According to Randi Weingarten, the president of the American Federation of Teachers, this note clarifies Roberts’ strong statement about the “odious” nature of preventing religious institutions from receiving public funds and limits the scope of the decision dramatically.
“This decision was about providing a generally available benefit to a church that was not going to be used for religious purposes and would not violate the establishment clause of the First Amendment,” Weingarten said, according to a report by Fox News. “That is consistent with the Blaine amendment, which was never intended to prevent religious organizations from receiving funding for uses that are open to all and do not promote religion or discriminate.

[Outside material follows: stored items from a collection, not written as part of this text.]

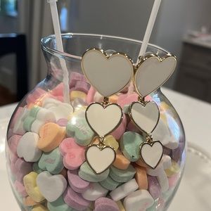 Cute white and gold heard earrings! Only worn once and sanitized!! 🫶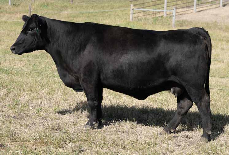 cows as she is coming with her 11th AI sired calf in a row and all her previous calves, except one due to injury, have been marketed or retained as breeding stock. She boosts an average WW ratio of 111 on 10 calves all while maintaining a perfect hoof. Her dam, 6U, is also the mother of Hook’s Crystal 1C, the dam of Eagle. She has sons and daughters working in herds across this country and her mating to Keynote produced a tremendous heifer calf this year that is right at the top of our replacement pen.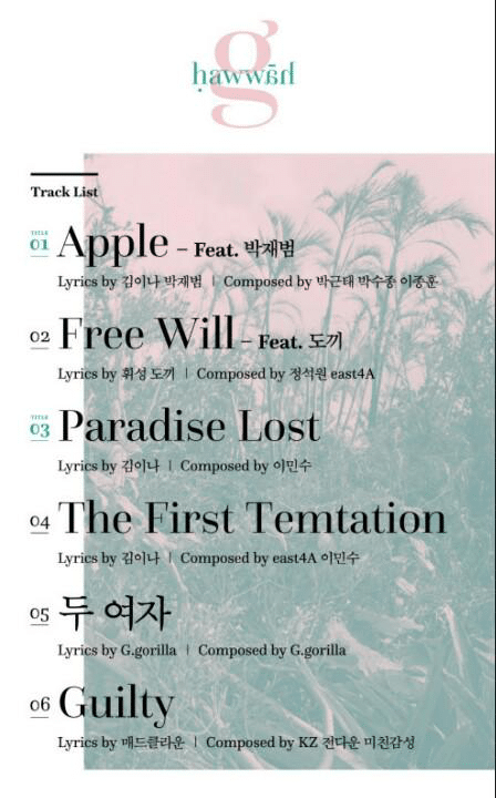 Ga In‘in albümünde yer alan şarkıların isimleri de açıklandı. (fotoğrafı üstte) Ayrıca Ga In’e albümünde eşlik edecek isimler de AOMG şirketinin CEO’su Jay Park, Illionaire’nin CEO’su Dok2, rapçi Mad Clown ve Wheesung olarak duyuruldu.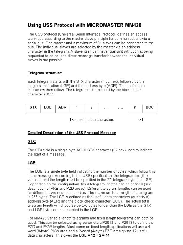 The STX field is a single byte ASCII STX character (02 hex) used to indicate the start of a message. LGE: The LGE is a single byte field indicating the number of bytes, which follow this in the message. According to the USS specification, the telegram length is variable, and the length must be specified in the 2nd telegram byte (i.e. LGE). Depending on the configuration, fixed telegram lengths can be defined (see description of PKE and PZD areas). Different telegram lengths can be used for different slave nodes on the bus. The maximum total length of a telegram is 256 bytes. The LGE is defined as the useful data characters (quantity n), address byte (ADR) and the block check character (BCC). The actual total telegram length will of course be two bytes longer than the LGE as the STX and LGE bytes are not counted in the LGE. For MM420 variable length telegrams and fixed length telegrams can both be used. This can be selected using parameters P2012 and P2013 to define the PZD and PKW lengths. Most common fixed length applications will use a 4word (8-byte) PKW area and a 2-word (4-byte) PZD area giving 12 useful data characters. This gives the LGE = 12 + 2 = 14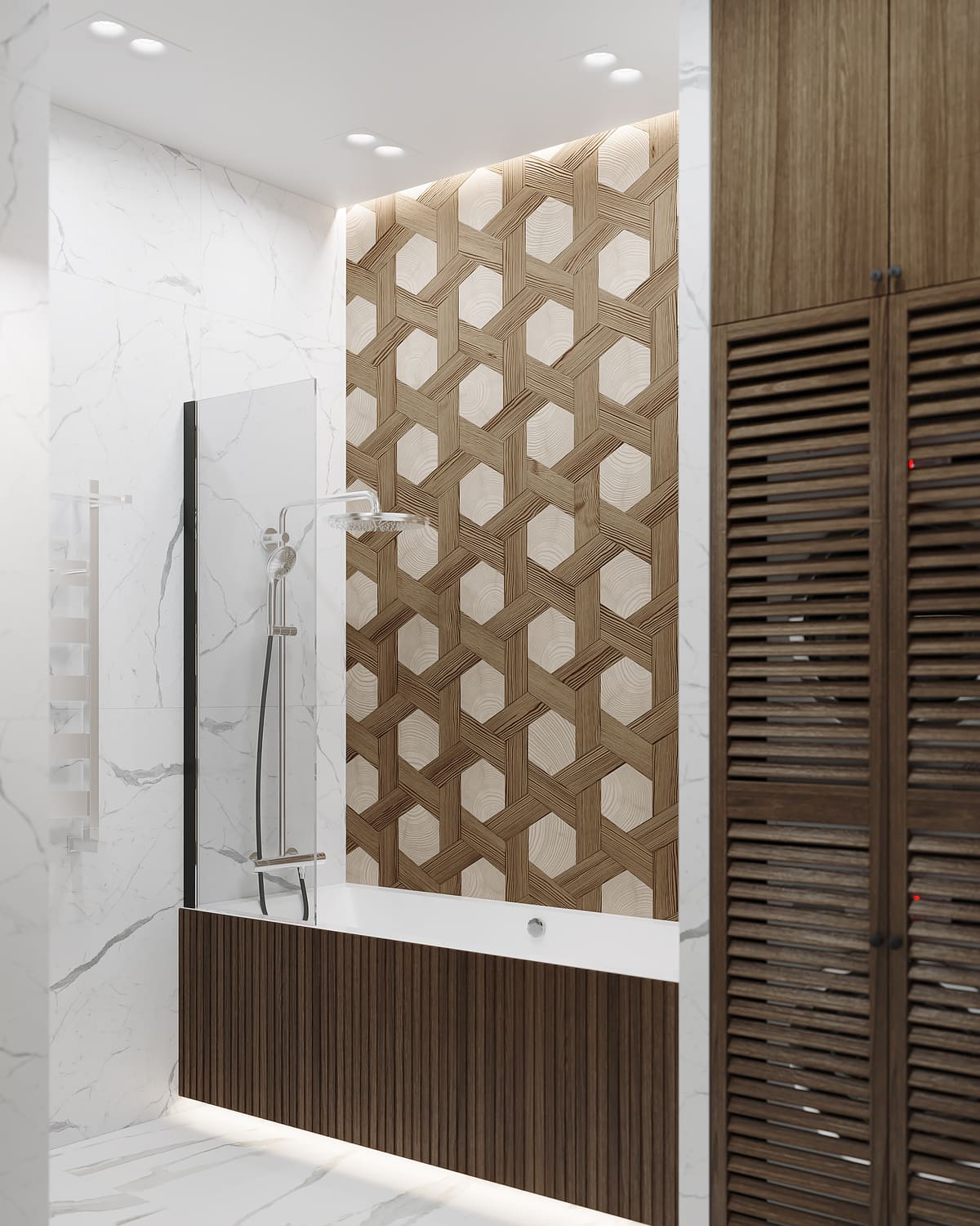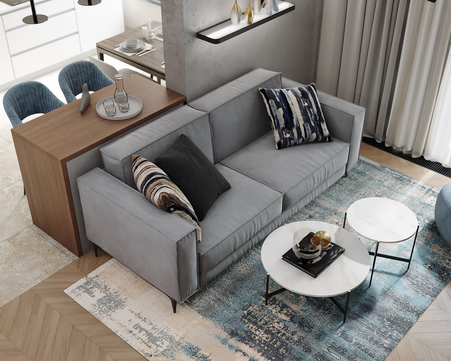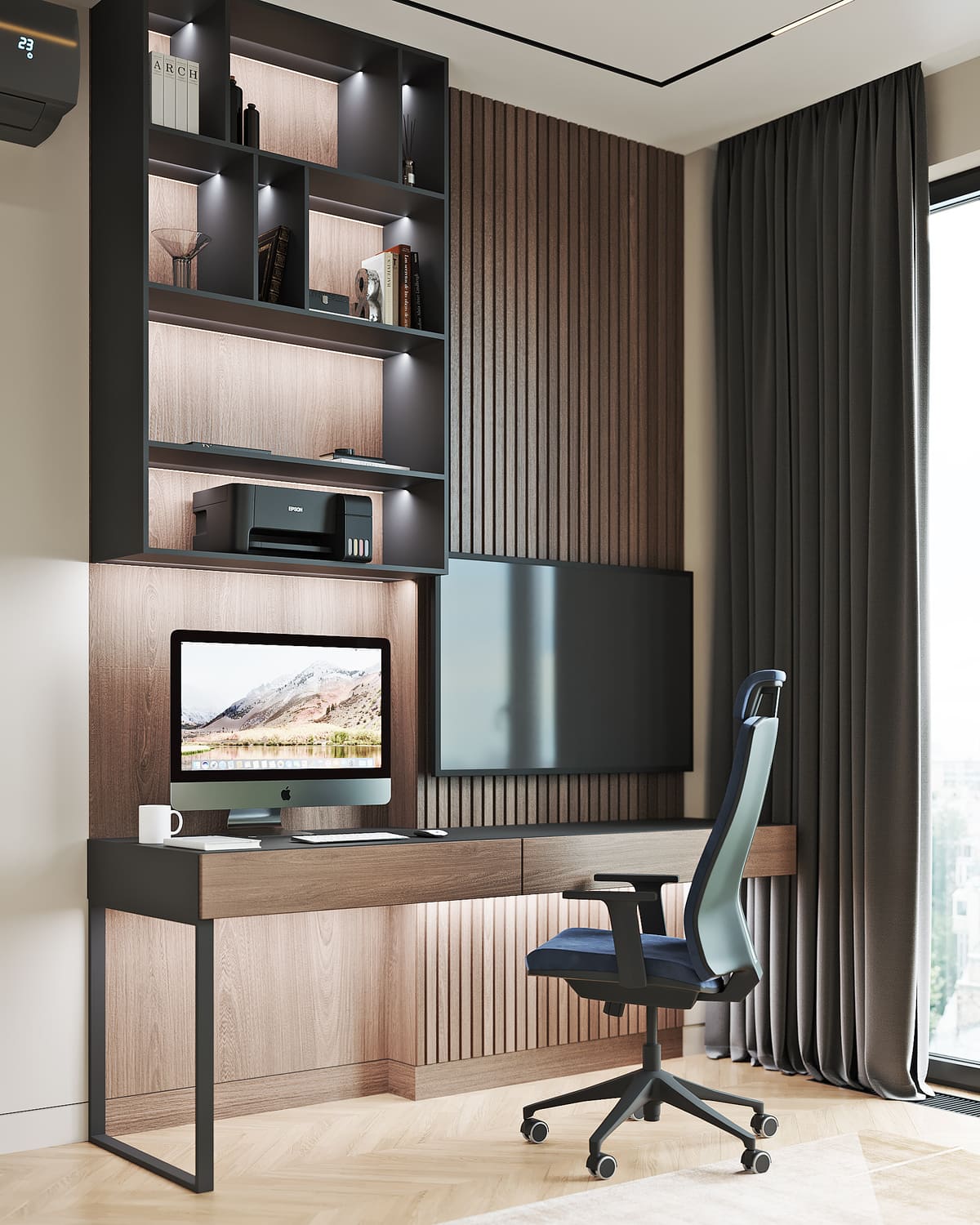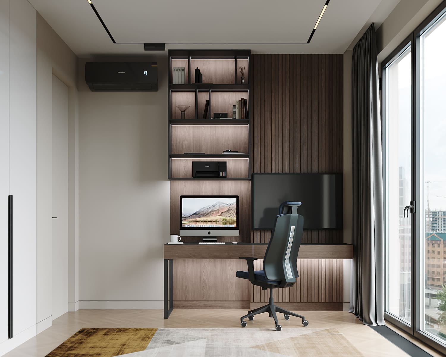 Этот проект для ЖК «Западный порт» оказался настоящим вызовом для нашей команды. В двухкомнатной квартире необходимо было сохранить баланс между строгим стилем, минимализмом и характерной мужской доминантой.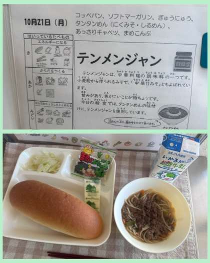 今日はタンタンめんです。タンタンめんといえば辛いイメージがありますが、給食ですので辛くはありません。どちらかといえばテンメンジャンで甘く味付けされていて、子どもにも食べやすくなっています。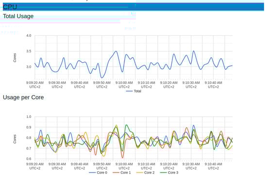 Figure 19 visualizes the memory and CPU usages in the scaled 3 nodes, using 1000 generated requests. The graph of memory usage showed that the increases in requests could increase the amount of consumed memory, but for the time being, there was no increase. The CPU usage graph showed that, while at the time, there was a small increase in usage, this increase may have depended on the internal cooperation of all container services involved in the data processing.

Therefore, the Supreme Court’s Trinity decision cannot be read as opening the door for states to promote religion or expand vouchers.”
However, contrary to Weingarten’s assertion, the Supreme Court appears to be taking its own ruling much more broadly than teachers’ unions would like. Since handing down its decision in the Trinity case, the U.S. Supreme Court has declared the Colorado Supreme Court should reconsider a decision it handed down in 2015 that determined a school voucher program was unconstitutional because it allowed taxpayers to use the funds at religious schools. If Weingarten is correct and the Trinity decision was meant to be applied narrowly, this decision by the Supreme Court makes little sense.
So far, it is unclear whether the Court will broadly apply the Trinity decision, but if it does, as its early actions suggest, it could fundamentally change U.S. education, allowing all states to implement school-choice programs that could eventually replace the current, failing public-school model.